Perform the Analysis: Types of Data Analytics

  1. Perform the Analysis Phase (AMPS Model)

    • Focuses on selecting and applying the appropriate type of analytics to answer accounting questions.

  2. Four Types of Analytics

    • Descriptive – What happened?

    • Diagnostic – Why did it happen?

    • Predictive – Will it happen in the future?

    • Prescriptive – What should we do based on what we expect will happen?

  3. Descriptive Analytics

    • Summarizes and organizes historical data to describe what has occurred.

    • Tools: counts, sums, averages, ratios, graphs, sparklines, horizontal and vertical analysis.

  4. Diagnostic Analytics

    • Investigates the causes behind trends or anomalies in descriptive data.

    • Tools: variance analysis, sequence checks, Benford’s Law, drill-downs, pivot tables, correlation/regression, hypothesis testing.

  5. Predictive Analytics

    • Assesses likelihoods and future outcomes based on historical data.
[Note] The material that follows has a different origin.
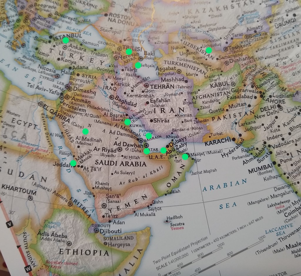 There are problems in the Middle East which I’ve never completely understood, and daresay I never will. They began long before I was born, continued throughout my lifetime, and will probably be avenged long after I’m gone. But I wanted to travel there, to tell the stories of kindness and hospitality that I know exist, which so rarely reach our ears in the West. I wanted to journey to the places so few of us go, to perhaps wedge open the door for others, if they felt similarly curious and intrepid. The plan: to visit a cluster of countries in that part of the globe including UAE, Oman, Bahrain, Qatar, Georgia, Azerbaijan, Uzbekistan and Saudi Arabia. Then, I’d objectively observe and report back, unlike the influencers whose trips are bankrolled by governments. I wanted to experience, first hand, what it was like to be a woman in this part of the world, a Western woman, a female traveler. At more than 50 countries, I figured I had earned a self-directed master’s degree in travel at this point, and now was the time to take on what could amount to my most challenging journey.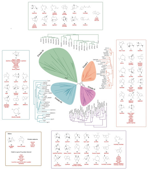 | Clade IV | C1,6 | NPP | α-Cuprenene (7) | Coprinopsis cinerea Ganoderma sinense Fomitopsis pinicola | Cop6 GS11330 Fompi1 |

    • Tools: classification (e.g., Altman's Z-score), regression, time series forecasting.

  6. Prescriptive Analytics

    • Identifies optimal actions by evaluating possible outcomes under constraints.

    • Tools: sensitivity analysis, capital budgeting, marginal analysis, goal seek, what-if scenario planning.

  7. Statistical Concepts in Analytics

    • Population vs. Sample- Population: The entire group of individuals, objects, or data points that a researcher is interested in studying. It represents all possible observations.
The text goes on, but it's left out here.